Nutrisystem, Inc.
- Type: Subsidiary
- Traded as: Nasdaq: NTRI
- Founded: 1972
- Founder: Harold Katz
- Headquarters: Fort Washington, Pennsylvania, US
- Area served: US and Canada
- Key people: Stephen Mikulak, President
- Products: Weight loss, weight management, nutrition
- Services: Telephone, Internet and mobile counseling for weight control
- Parent: Kainos Capital
- Website: nutrisystem.com

= Nutrisystem =

American weight loss product and service company

Nutrisystem is a commercial provider of weight loss products and services headquartered in Fort Washington, Pennsylvania.

== Company history ==
Nutrisystem's initial product in 1972 was a liquid protein diet, but the company changed its offering after Slim-Fast came to prominence in that market. In 1993, Nutrisystem filed for Chapter 11 bankruptcy as it owed $44 million to lenders. The company laid off 1,800 employees that year.

The company originally offered weight loss counseling and products in brick and mortar centers, but in 1999, Nutrisystem moved to a direct-to-consumer business model, selling its products and programs on the Internet and by telephone.

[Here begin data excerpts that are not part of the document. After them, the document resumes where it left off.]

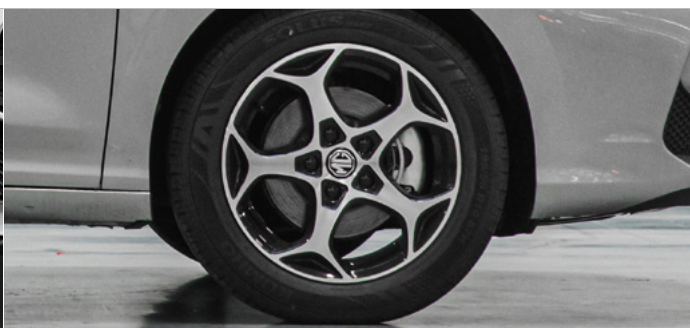
Felgi aluminiowe 16" 195/55 R16
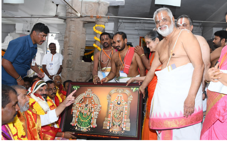
అక్షర విజేత వనపర్తి ప్రతినిధి.
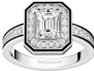
ヴァンドーム リズレ ソリテール リング ¥4,369,200(税込み・予定価格)

ブライダルフェア期間中には、2月に発売開始となった新作ジュエリーも揃います。メゾンが1893年から本店を構えているパリ・ヴァンドーム広場を俯瞰で見た八角形のフォルムから着想を得てデザインされたコレクション「ヴァンドーム リズレ」より、新作のソリテールリングとピアスが登場しました。既存のセンターストーンが0.3カラット、0.5カラットの作品のほか、新たにセンターストーンが1カラットのソリテールリングが加わりました。優美なダイヤモンドの輝きを引き立てるブラックラッカーがアクセントになり、身につける人の個性を際立てながら、モダンで洗練された印象を演出します。
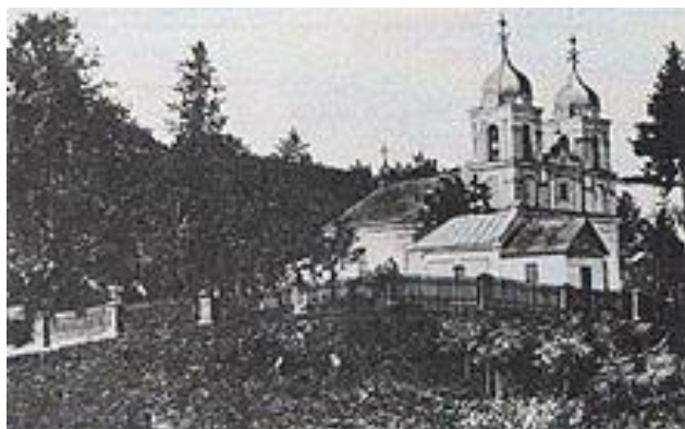
Костёл Петра и Павла

В 1768 году костел был закрыт и служба перенесена на польское кладбище в деревянный костел Святого Петра и Павла.

The company launched its mobile platform in 2010. WebDiet, Inc., a Silicon Valley startup, accused Nutrisystem of stealing their technology, but the case was dismissed in May, 2014.

In 2015, the firm acquired the South Beach Diet brand.

In December 2018, Tivity Health announced that it would acquire the Nutrisystem brand.

On October 19, 2020, Kainos Capital acquired the brand from Tivity Health.

In 2021, Stephen Mikulak was named President of Nutrisystem.

The company is known for its celebrity marketing, which has included Marie Osmond in national advertising. One of its primary competitors is Weight Watchers with the rivalry deemed "diet wars" by the media.

==Efficacy and criticism==
A systematic review in 2015 concluded that Nutrisystem "shows promise" because, in the short term, studies have shown that Nutrisystem was more effective at weight-loss than a control group, but found no studies of long-term efficacy.

As of 2019, four weeks of a basic Nutrisystem plan costs the average American customer $274.99. In light of this expense, the Mayo Clinic lists one of the disadvantages of the diet to be its potentially "prohibitive" cost. Obesity specialist Fatima Cody Stanford writes that a potential disadvantage of the diet is that it complicates social eating because a person following the Nutrisystem plan has to follow a distinct dietary program.